The LabelRec, DescRec and DataRec tables all work together to provide a definition of the data points in the control system.
More information concerning the use of the Label and RefName fields can be obtained in the operators manual in the section titled "Organization of machine parameters in the Control System Database".
The LabelRec table defines a list of valid device names.
Identifier for the device/group. (e.g. FC 01-1)
String describing the device. (e.g. Faraday Cup)
Comments field.
Not in use. The intention was to associate a part number for a controller with a label and print the information on the wire lists.
This table provides a view of individual parameters for a device. The bit field to be viewed comes from the DataRec table.
The current binary parameter values are located in DataRec.DataVal. A record in this table allows the word and the bit field within the word to be located, masked and right justified. Other fields determine how the value obtained is converted to a physical value and formatted for display.
A parameter value is extracted from the runtime database using DataCvt(). The scaled value is checked against the limit fields (PhyMin and PhyMax) and is returned along with an error code that indicates whether the value is within limits.
If the parameter is used for control, a field specifies the method for control input. See the section titled "CtKeys" for more information. A check is made to see if the writer is attempting to write a value within acceptable limits and if the writer has permission to write into the database through this record.
First half of the tag name. (e.g. FC 01-1)
Validated by LabelRec.Label.
Second half of the tag name. (e.g. PosSC)
Validated by RefKeys.RefName.
Specifies a logical (symbolic) link to another Label.
Specifies a logical (symbolic) link to another RefName. Causes the rest of the fields to be ignored and the fields of the linked Label/RefName pair to be used. It is highly recommended that all of the ignored fields be set to the equivalent of nil or 0. This is due to a possible future overriding capability. Using the same power supply for two pieces of equipment might be an example use for this. (e.g. EQ TX-1 PwrSC might link to CPS TX-1 PwrSC)
An eight char field containing the physical units string. (e.g. KV, V, A, G, or T)
Data conversion key.
Validated by Dkeys.DtNme.
See the section titled "DataTypes."
Display format key.
Validated by CrKeys.CrNme.
See the section titled "CrtKeys."
Modify control format key. Determines how a mouse, keyboard, or other input device affects a parameter.
Validated by CtKeys.CtNme.
See the section titled "CtlKeys."
Name of the task that owns the record.
Validated by OwnKeys.OwnNme.
See the section titled "OwnKeys."
Write permissions.
See the section titled "Write Permissions."
Database scaling key. Used by the auto-scaling program(s).
Validated by ScaKeys.ScaNme.
See the section titled "ScaKey."
When the value of DataType field is Ldisp this field specifies a message table.
Validated by checking MsgKeys.MsgNme.
See the section titled "MsgKeys."
The minimum physical(hardware) value of the parameter. This is used to calculate M and B.
See the section titled "BuildMB."
The maximum physical(hardware) value of the parameter. This is used to calculate M and B.

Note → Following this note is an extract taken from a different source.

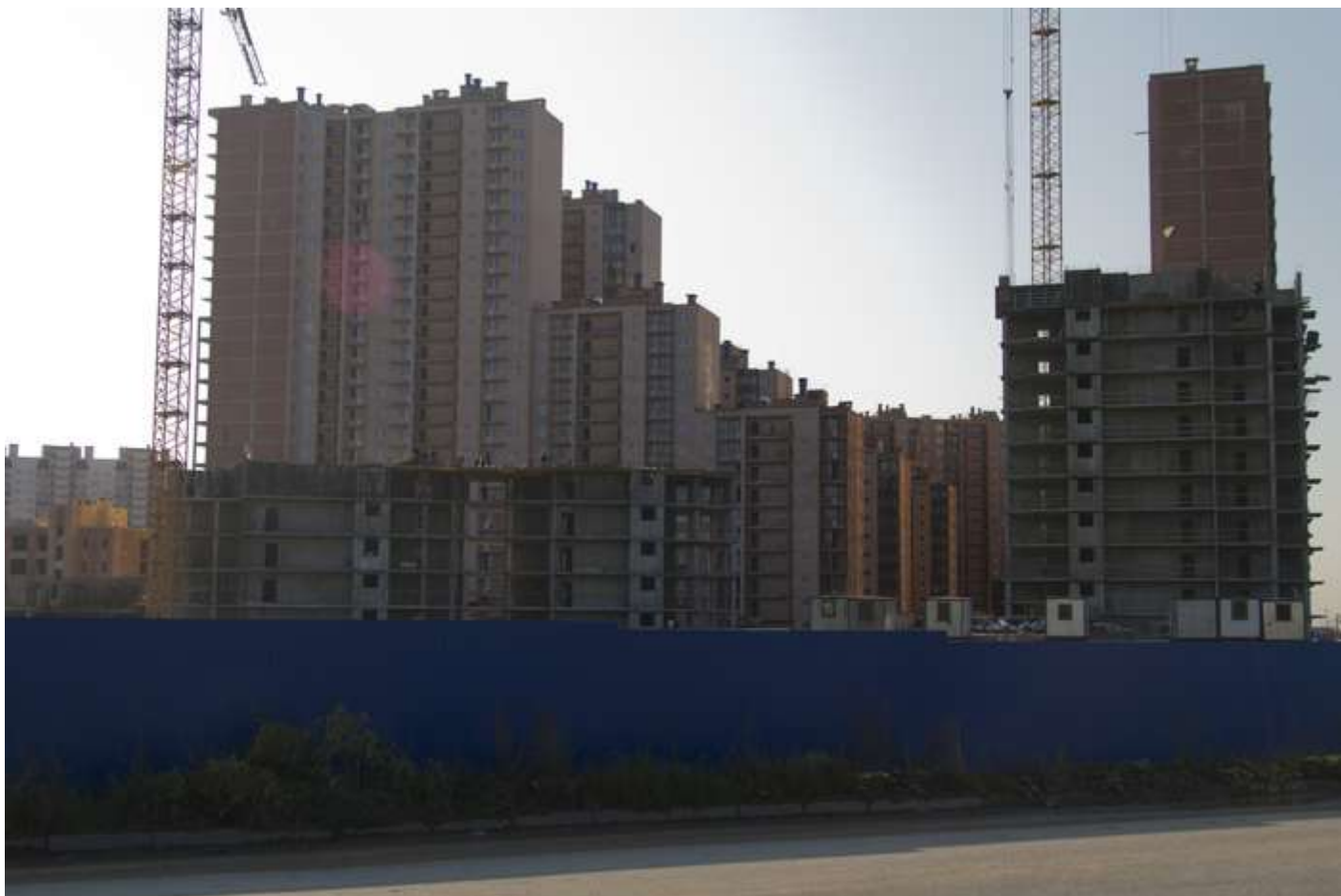
Вид с Областной ул., секции 22-21, 18-19

See the section titled "BuildMB."
The minimum virtual(software) value of the parameter. Used in the runtime database to determine if an attempted write or read is within bounds.

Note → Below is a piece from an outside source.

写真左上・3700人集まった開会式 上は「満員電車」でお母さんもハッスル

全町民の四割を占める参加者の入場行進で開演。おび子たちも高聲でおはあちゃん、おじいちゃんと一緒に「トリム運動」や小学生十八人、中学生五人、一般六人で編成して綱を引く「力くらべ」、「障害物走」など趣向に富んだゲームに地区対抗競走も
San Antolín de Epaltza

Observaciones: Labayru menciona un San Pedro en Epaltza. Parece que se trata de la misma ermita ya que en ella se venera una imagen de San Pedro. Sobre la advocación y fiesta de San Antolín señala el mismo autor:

The maximum virtual(software) value of the parameter. Used in the runtime database to determine if an attempted write or read is within bounds.
Used in most CtlKeys to determine step(increment) size of a change. In most cases this value is created automatically by the BuildMB process.

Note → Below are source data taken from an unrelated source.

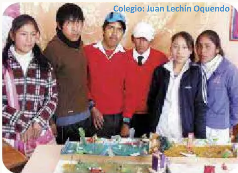
Colegio: Juan Lechín Oquendo
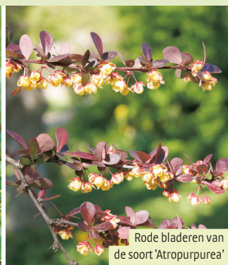
Rode bladeren van de soort 'Atropurpurea'
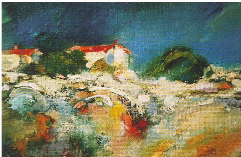
◀ Stara kuća - ulje/platno
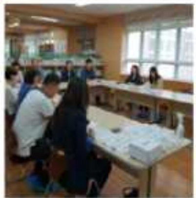
관계기관 현장도착 및 식중독대책협의체 구성

See the section titled "BuildMB."
Conversion coefficient 1. In most cases this value is created automatically by the BuildMB process.
See the section titled "BuildMB."
Conversion coefficient 2. In most cases this value is created automatically by the BuildMB process.
See the section titled "BuildMB."
Used to determine how to treat the extracted binary field.
See the section titled "DRkey Usage."
Size of the extracted binary field in bits.
Offset into the binary word from which to extract the binary field.
RecId of the corresponding binary field in the DataRec table.
Validated by DataRec.RecId.
Comments field.
Enables automatic calculation of the M and B values.
Enables automatic calculation of the SetInc value.
See write_perm(7) in the AccelNET manual pages for an explanation of the write permissions.
The DRkey is a one character field that specifies how to interpret the extracted binary field.
The values of the field and their meanings are as follows:
Treat the extracted field as an unsigned number.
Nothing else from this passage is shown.